Session 36Poster Presentations Accessory Genes Session Day and Time: Tuesday 1:30 - 3:30 pm Room: Hall D
206 The Association of HIV-1 Nef with Lipid Rafts is Functionally Important for CD4 and MHC Class I Down-modulation Melissa Alexander Heaton*, Kodi S Ravichandran, Marie-Louise Hammarskjold, David Rekosh Univ of Virginia, Charlottesville
Background: Recently described lipid rafts are enriched in signaling proteins, which target there via saturated fatty acid additions, such as myristoylation and palmitoylation. HIV-1 Nef is myristoylated and reports have suggested that a fraction of Nef localizes to rafts.
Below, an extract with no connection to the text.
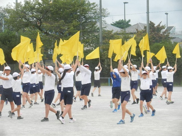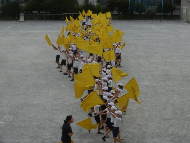 校庭では6年生が運動会の表現の練習中です。大きな旗(フラッグ)を持ちます。旗を振ると、バサッ、バサッと音がします。

Methods: We have addressed whether Nef targeting to rafts has functional significance by creating a Nef fusion protein (LAT-Nef) containing the N-terminal 35aa from the linker for activation of T-lymphocytes (LAT). Within this LAT sequence is a transmembrane domain followed by 2 cysteines at residues 26 and 29. LAT is palmitoylated at these cysteines, and this is critical for targeting the protein to rafts.
Results: When a plasmid expressing LAT-Nef was transfected into SupT1 cells, about 90% of the protein was found in the raft fraction. We also constructed a version of the LAT-Nef fusion protein that had the 2 cysteine residues mutated to alanine (LATC26,29A-Nef). About 5% of the mutant protein targeted to rafts. Both proteins were expressed at equal levels and targeted to the membrane fraction equivalently. The 2 fusion proteins were compared to each other, to wild-type Nef, and to non-myristoylated Nef for their ability to down-modulate cell surface MHC-I and CD4. LAT-Nef down-modulated MHC-I nearly as well as wt Nef. The mutant LATC26,29A-Nef was not as effective. The fluorescence intensity of surface MHC-I was reduced by LAT-Nef to 95% of the level of achieved by wt Nef, while LATC26,29A-Nef down-modulated MHC-I to less than 40% of that level. The results with CD4 were similar in that LAT-Nef down-modulated CD4 to a much greater extent than the mutant LATC26,29A-Nef. LAT-Nef was about 60% as efficient as wt Nef in CD4 down-modulation, while mutant LATC26,29A-Nef was 15% as efficient as wt Nef. Surprisingly, the non-myristoylated Nef showed a modest but dose-dependent CD4 down-modulation, although negligible activity was observed for MHC-I down-modulation.
Conclusions: Our results suggest that Nef targeting to lipid rafts is functionally significant for MHC-I and CD4 down-modulation. Since LAT-Nef works almost as well as wild-type Nef for MHC-I down-modulation, but less well than wild-type for CD4 down-modulation, raft involvement may be different in each of these processes.